Basically, as long as the value has the high bit set, we take the lower 7 bits and shift/add it to our number. We do this until we read 3 bytes or the value doesn't have the high bit set.

Now we have almost all the tools to help us read an event from the file. Here's the last little bit, including the header to the function we'll be building out shortly:

// the MIDI event plus an absolute position within the stream
struct midi_stream_event final {
    // the absolute position in MIDI ticks
    unsigned long long absolute;
    // the delta from the last event in MIDI ticks
    int32_t delta;
    // the MIDI message
    midi_message message;
};
// represents a class for fetching MIDI messages out of a stream
class midi_stream final {
public:
    // decode the next event. The contents of the
    // in_out_event should be preserved between calls to this method.
    static const size_t decode_event(bool is_file,
                                    stream* in,
                                    midi_stream_event* in_out_event);
};

You can see here, we've basically augmented a MIDI event with an absolute position.

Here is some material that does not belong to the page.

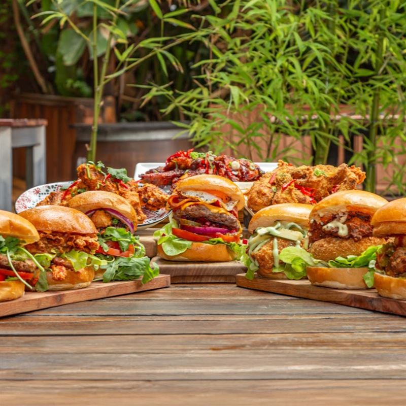 Burgers such as Outback Sally with a beef patty, pulled pork, cheese, onion rings, lettuce and BBQ sauce.
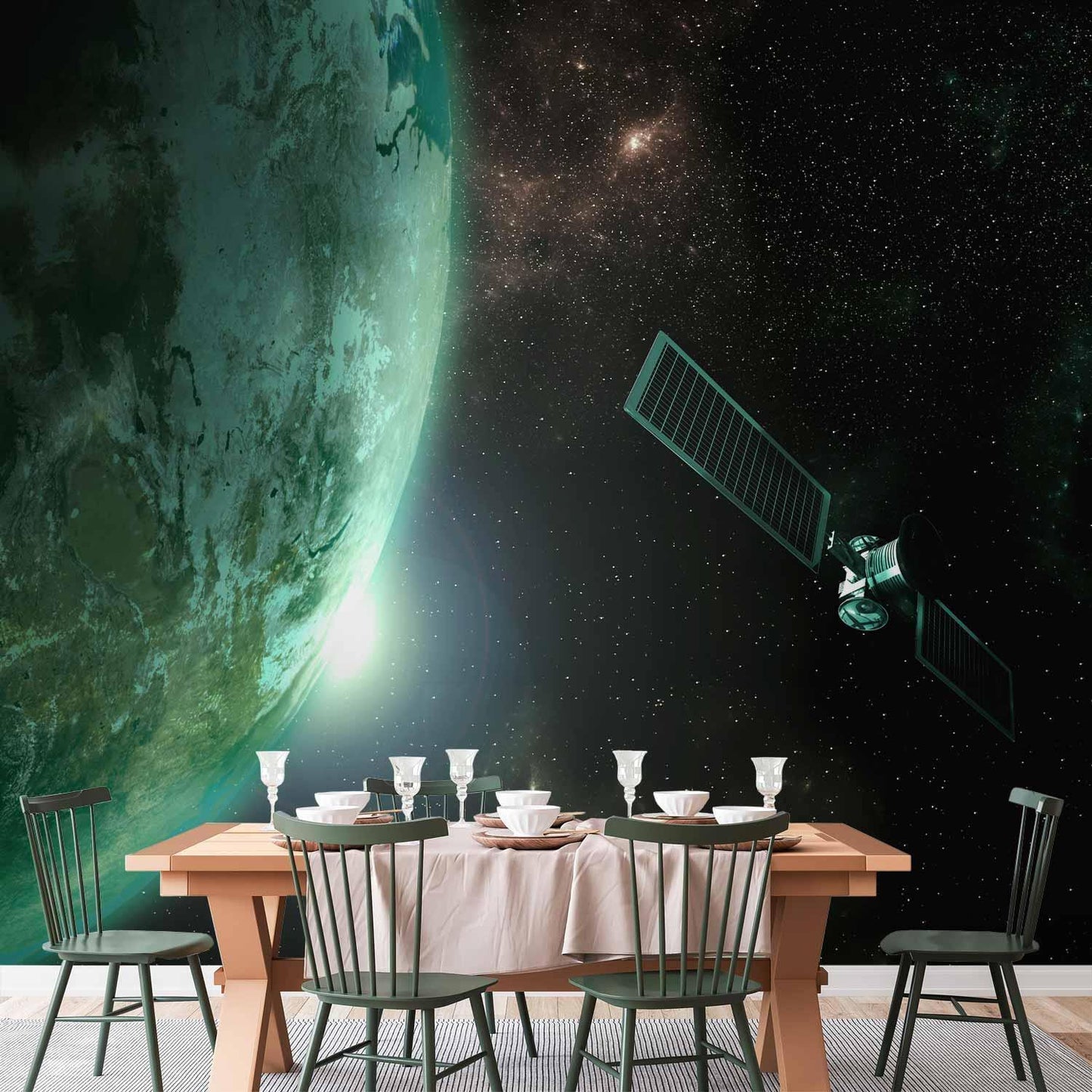 Die Fototapete „Grüner Planet“ bringt moderne Naturästhetik direkt in dein Zuhause. Das stilisierte, abstrakte Design in harmonischen Grüntönen erinnert an einen Planeten, der von Ruhe und Balance spricht.

This is so we can keep track of where we are within the stream. We could have done this at a higher level but I decided to put it here since in practice you'll actually need that figure whenever you pull events.

One thing that should be noted here is that the midi_stream_event instance is both an in and an out value. One reason for this is so we can track the absolute position. The other reason is at least as important. I mentioned earlier that we can omit the status byte for runs of messages with the same status. Passing in the old message facilitates this capability. The first time you call the routine, you pass in an empty (newly constructed) event. Afterward, you continue to pass in the same instance as you go. At least that's the theory. In practice it works, but with a wrinkle we'll eventually run into.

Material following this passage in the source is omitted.